Антонио старался не смотреть на меня.

– Ты сама плакса. Ну-ка, не хнычь! – Он вытер мои слезы. – Будь хорошей девочкой и расти побыстрее. Пока что ты мало чего понимаешь.

Он еще раз обнял Нунчу и, оставив меня, хлопнул дверью. Нунча шумно вздохнула и, словно в замешательстве проведя рукой по лбу, принялась хлопотать над Винченцо. Розарио был послан за старой Кончеттой…

Ночь миновала во вздохах, сдерживаемых слезами и аханьях. Нас не пускали на кухню. Мы сидели молча во мраке комнаты и слышали доносящиеся из-за двери звон посуды и шорох ног. Нунча была бледна и медленнее двигалась. Мы ожидали от нее слез и причитаний, а она поразила нас твердостью и сдержанностью. И в этом ее скорбном спокойствии мы черпали уверенность, оно не давало нам ясно представить ту бездну, что неожиданно разверзлась перед нашей семьей, оставшейся вдруг без заработков и защитников.

Уже утром мы услышали стук тяжелых сапог на крыльце. Это были жандармы во главе с капралом.

– Где проживает Антонио Риджи? Отвечай, старуха! Нунча безучастно спросила, зачем это ее внук понадобился уважаемым синьорам.

– Антеноре Сантони найден с перерезанным горлом у дома своего отца, – сказал капрал. – У нас есть подозрение, что это сделал твой внук.
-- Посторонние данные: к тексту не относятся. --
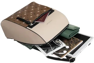 Brązowy duży plecak damski ze skóry ekologicznej i tkaniny funkcjonalny i pojemny kieszonki regulowane szelki mieści a4 DAVID JONES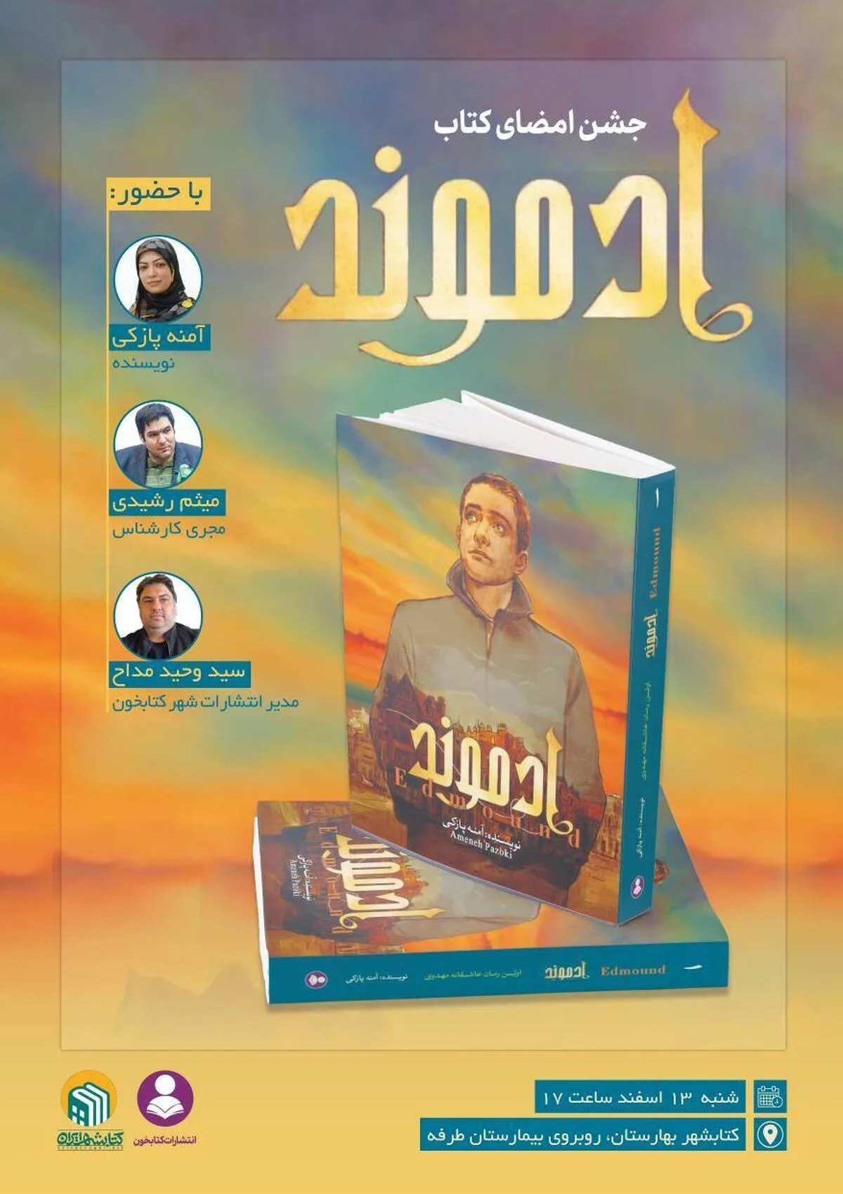 در این مراسم که آمنه پازکی نویسنده کتاب ادموند و جمعی از اهالی کتاب حضور دارند، علاقمندان نیز میتوانند جهت حضور در مراسم جشن امضای این کتاب به کتابشهر ایران شعبه بهارستان روبروی بیمارستان طرفه مراجعه نمایند.
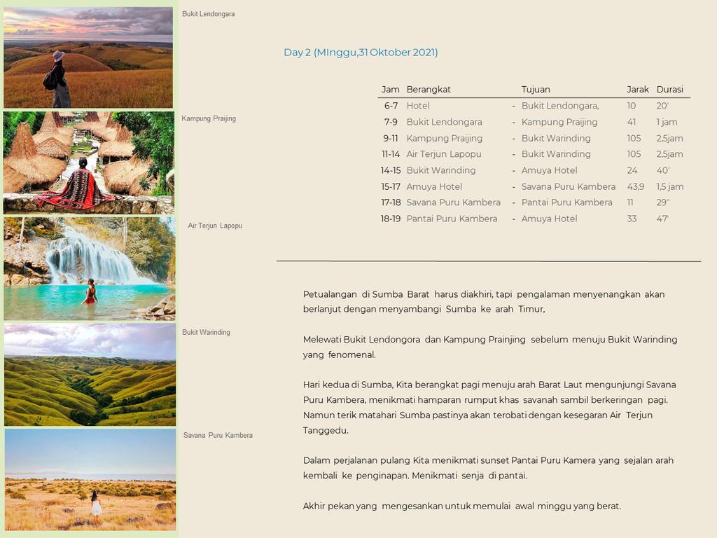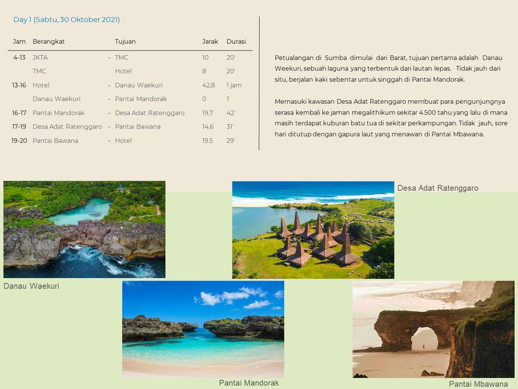 Saya ada rencana mau stay di Sumba selama 2-3 minggu dan memanfaatkan akhir pekan (sabtu-minggu) dengan explore Sumba. Berikut itinery:

Мы молчали, затаив дыхание.

Несколько дней жандармы обшаривали окрестности. Говорили, что проверяют даже ливорнские суда, – у папаши Сантони хватило денег и на это. 1 ноября 1777 года, в день всех святых, прошел слух о том, что Антонио пойман, но это оказалось выдумкой. Мы жадно вслушивались во все сообщения о нем, так как сами никаких вестей не получали. Чуть позже стали говорить, что Антонио присоединился к банде Энрико Фесты, обосновавшейся высоко в горах. Брата искали еще два месяца, и все напрасно.

Антонио исчез, как в воду канул.

4

Наступила зима, а с ней и Рождество 1778 года. Как обычно, крестьяне тщательно готовились к празднику. Особенно много радости он приносил детям. Помимо полной свободы, которой они пользовались в эти дни, веселых зимних игр и сладких пирогов, приблизилось интереснейшее событие, происходящее в канун Рождества. В это время мадонна посылает на землю сказочную старушку Бефану. Ее приносят звезды. Сверкая, как комета, Бефана влетает в печные трубы или подъезжает к домам на волшебном ослике. Если с вечера подвесить к очагу детский чулок, утром там непременно окажется подарок от доброй Бефаны…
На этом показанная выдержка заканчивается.